Many traditional algorithms for solving combinatorial optimization problems involve using hand-crafted heuristics that sequentially construct a solution. Such heuristics are designed by domain experts and may often be suboptimal due to the hard nature of the problems. Reinforcement learning (RL) proposes a good alternative to automate the search of these heuristics by training an agent in a supervised or self-supervised manner.

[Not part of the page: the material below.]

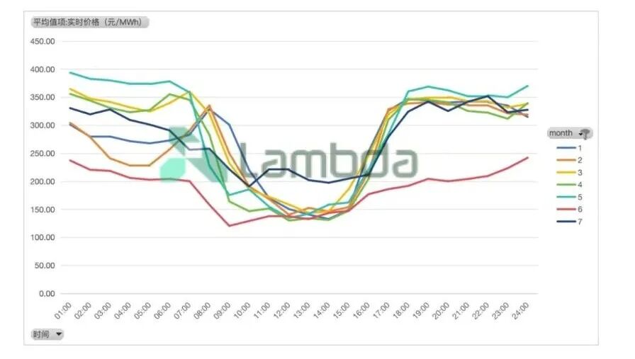 圖2:安徽省2025年1—7月月均實(shí)時(shí)價(jià)格曲線
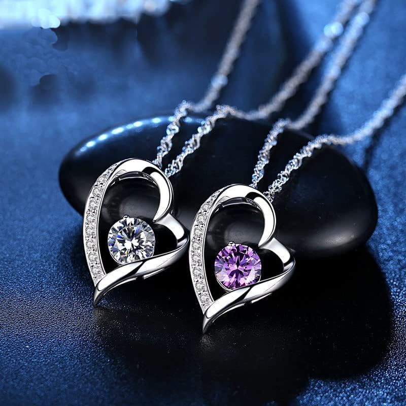 14K White Gold Heart Necklace, Purple Sapphire Pendant – Beautiful Valentine’s Day, Mother’s Day Gifts

In this survey, we explore the recent advancements of applying RL frameworks to hard combinatorial problems. Our survey provides the necessary background for operations research and machine learning communities and showcases the works that are moving the field forward. We juxtapose recently proposed RL methods, laying out the timeline of the improvements for each problem, as well as we make a comparison with traditional algorithms, indicating that RL models can become a promising direction for solving combinatorial problems.